You had me curious so I ordered the brand name TreeFrog "Squash" scent. I got both that large under the seat waffle tray and the gel cup. This scent brought back my Fast and the Furious days (the original - from 2000). Yeah, this is a very common scent in rice rockets. It does smell very clean and fresh; however, it is more of a deviation from the natural scent of the car. If I had a lot of other odors in my car (food, pets, etc), I would use this scent. I am actually using it my my MDX, where we roll in with the family for various adventures.

Btw, you guys realize that "Squash" is a cool and refreshing citrus punch in many Asian countries. It has nothing to do with the vegetable .

As of now, I still love the scent of the Glade - Frebreze "Midnight Storm" vent clips. It is not over powering and smells like BMW (whatever that smells like ). I use them off and on throughout the year so that the smell is very moderate. It maintains a new luxury car smell.


----------



## TXSTYLE (Aug 29, 2006)

I will give that a shot too. ^^

Bimmer App on HTC-One


----------



## mofunk (Jan 24, 2013)

I've heard those clips don't last long.


Twice a year I spray Lysol Crisp Linen inside the vents. Turn the car on w/ A/C blowing in fresh air mode - Open the hood - remove Cabin Filter - Spray Lysol until you can smell it inside the car. After I do that, I vacuum the carpet. My house vacuum has a little Lysol Crisp linen powder inside the container. This helps get that smell of wet leaves. Let it sit for a day. Check the Cabin filter, make sure it clean. Then I use Glade Car Freshener. 

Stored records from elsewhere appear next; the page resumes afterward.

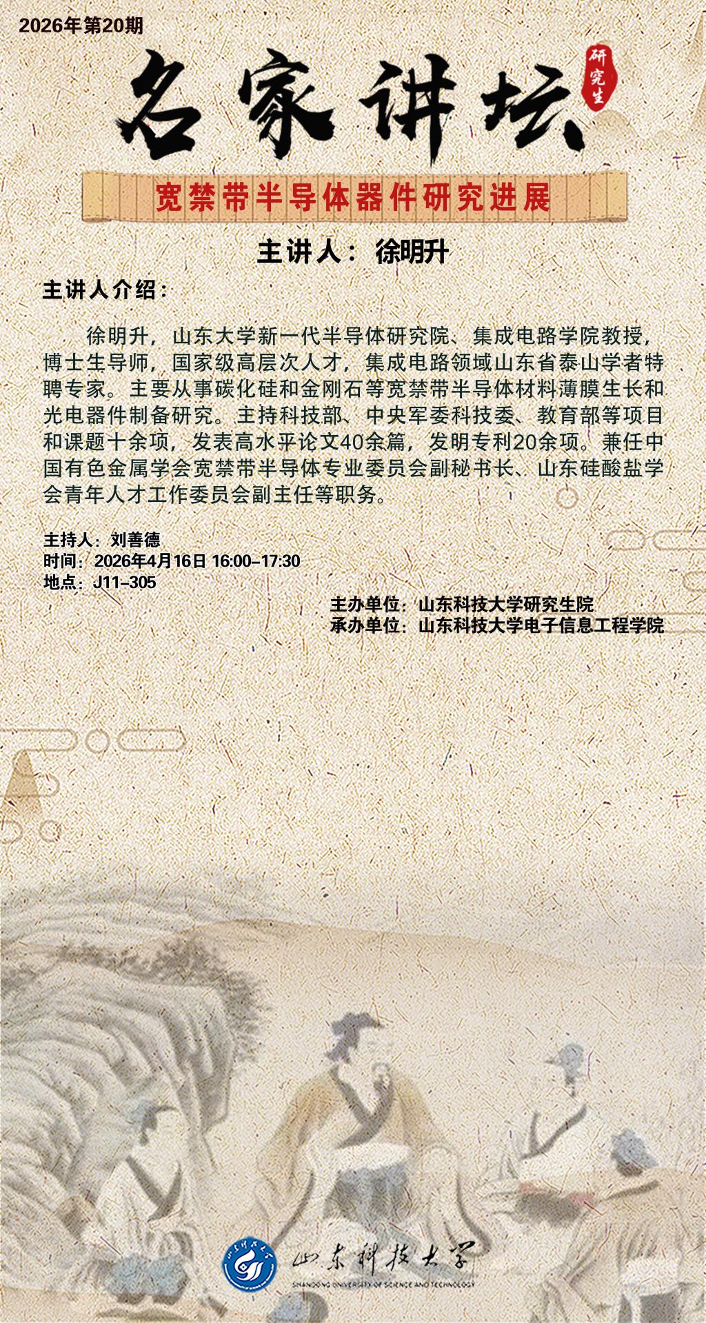 名家讲坛2026年第20期: 宽禁带半导体器件研究进展(总1122期)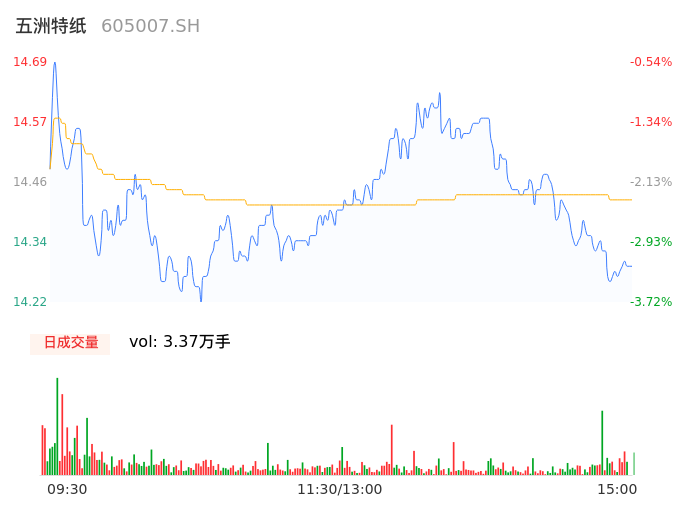 04月16日,五洲特纸收报14.23,股价涨幅-3.66%,成交金额4861.42万元,换手率0.84%。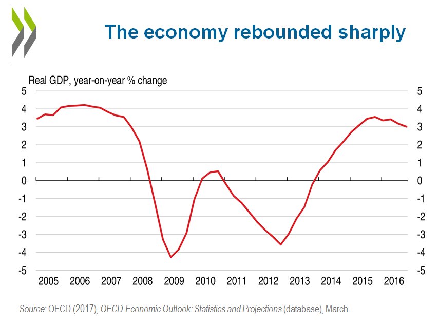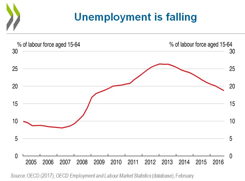 A proposito di Spagna, l’Ocse, oggi la rilasciato la sua Survey. La Spagna sta meglio di prima, ma non vuol dire che stia bene. La crescita è ripartita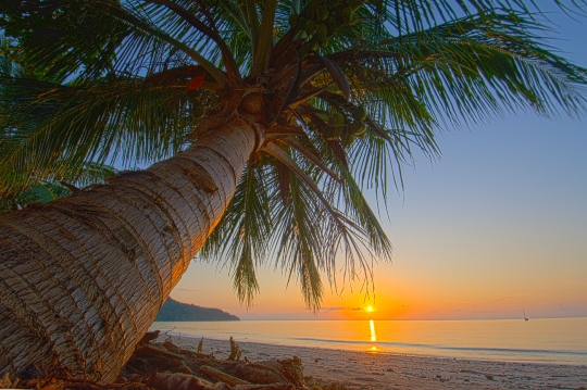 Banque Cocotier Coucher de soleil Lieux M\'Bouanatsa Marc Mayotte Mer Pays Photographe Plage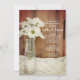Invités Invitations à la ferme rurale décontractée avant mariage en l'honneur de la mariée et mariée à être avec la charmante White Daisies dans Milk Bottle Farm Wedding shower Invitation. Cet Invitation à thème de ranch personnalisé décontracté présente une photo florale pittoresque d'une bouteille de lait en verre vintage remplie de fleurs marguerites blanches avec du satin blanc et un arrière - plan en bois de grange brun. Idéal pour une visite ou une idée pour un événement informel de fête de grange. Disponible sous forme d'invitation imprimée à l'envoi ou en téléchargement numérique pour un partage numériquement en ligne facile.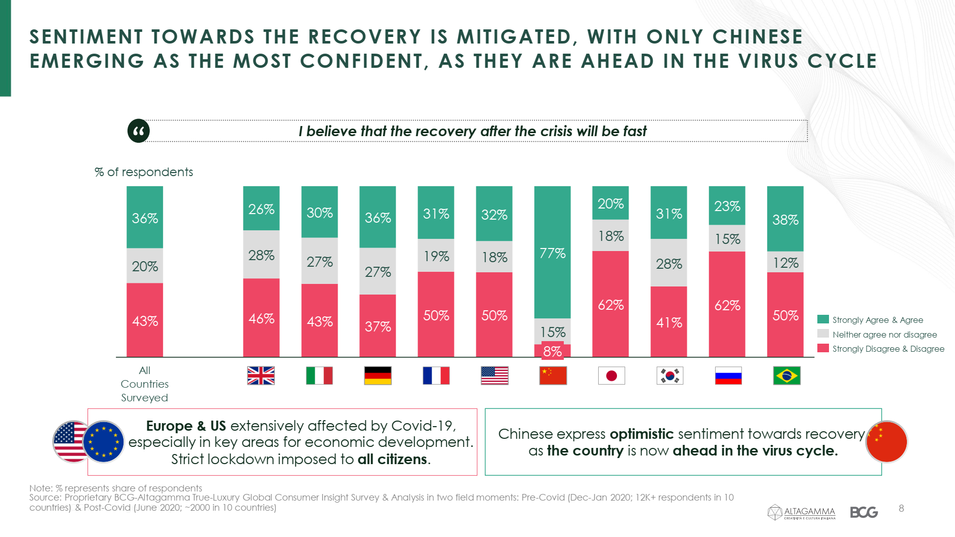 一項數據表明,中國消費者對於疫情后奢侈品市場迅速恢復持有最大信心,77%的比例遠超其他國家。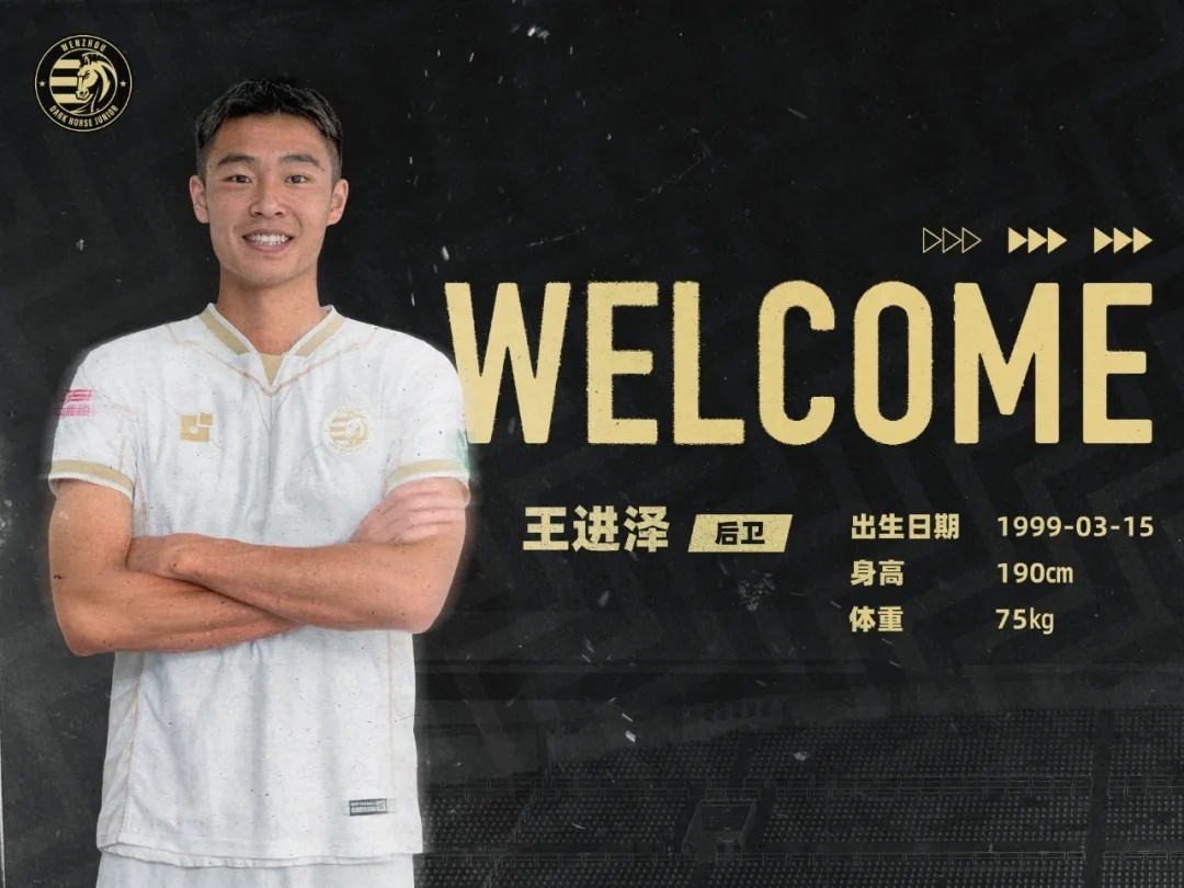 欢迎王进泽披上温州队的战袍!期待这位久经考验的绿茵多面手,在温州队的防线竖起定海神针,为温州足球注入硬核力量!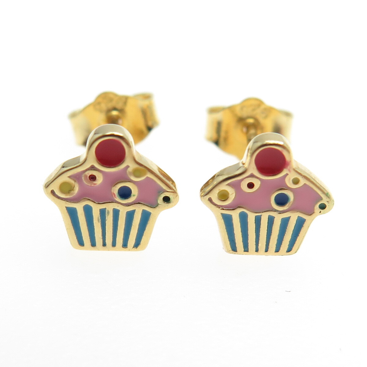 925 Sterling Silver Gold Plated Enamel Cupcake Stud Earrings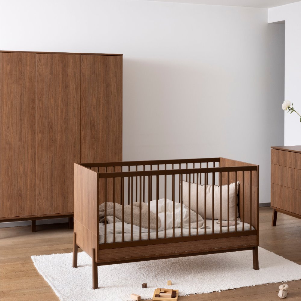 Planst du, das ganze Babyzimmer neu zu gestalten? Dann kombiniere den Kleiderschrank mit dem passenden Kinderbett und der Kommode aus der Quax Ashi Reihe!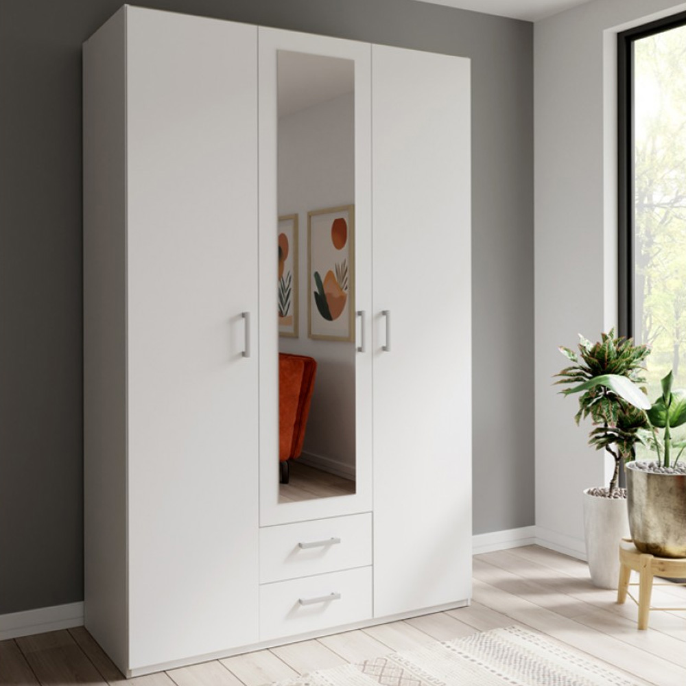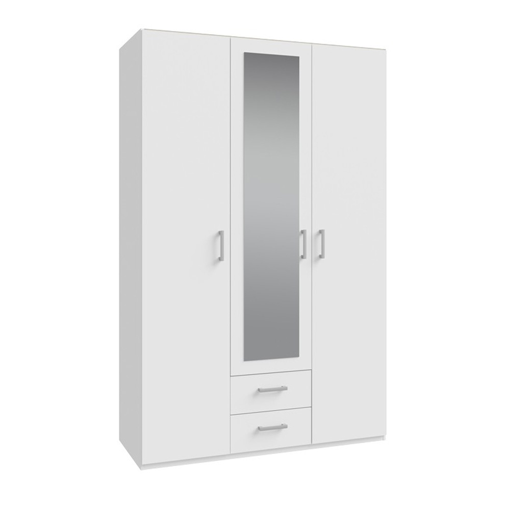 Περιλαμβάνει τρεις πόρτες, εσωτερικά φέρει ράγες για κρεμάστρες και κάτω δύο συρτάρια για την αποθήκευση ρούχων και αξεσουάρ.

This really gets that smell out of the car.


----------



## positiveions (Apr 19, 2012)

Baby powder car freshener is a good one http://www.lanescarproducts.com/baby-powder-car-air-freshener-scent.html


----------



## routeburner (Sep 5, 2016)

Holding onto just a good cleaning, and nothing til that new car scent wears off. Use lysol fresh linen scent to kills odors in hatch/trunk


----------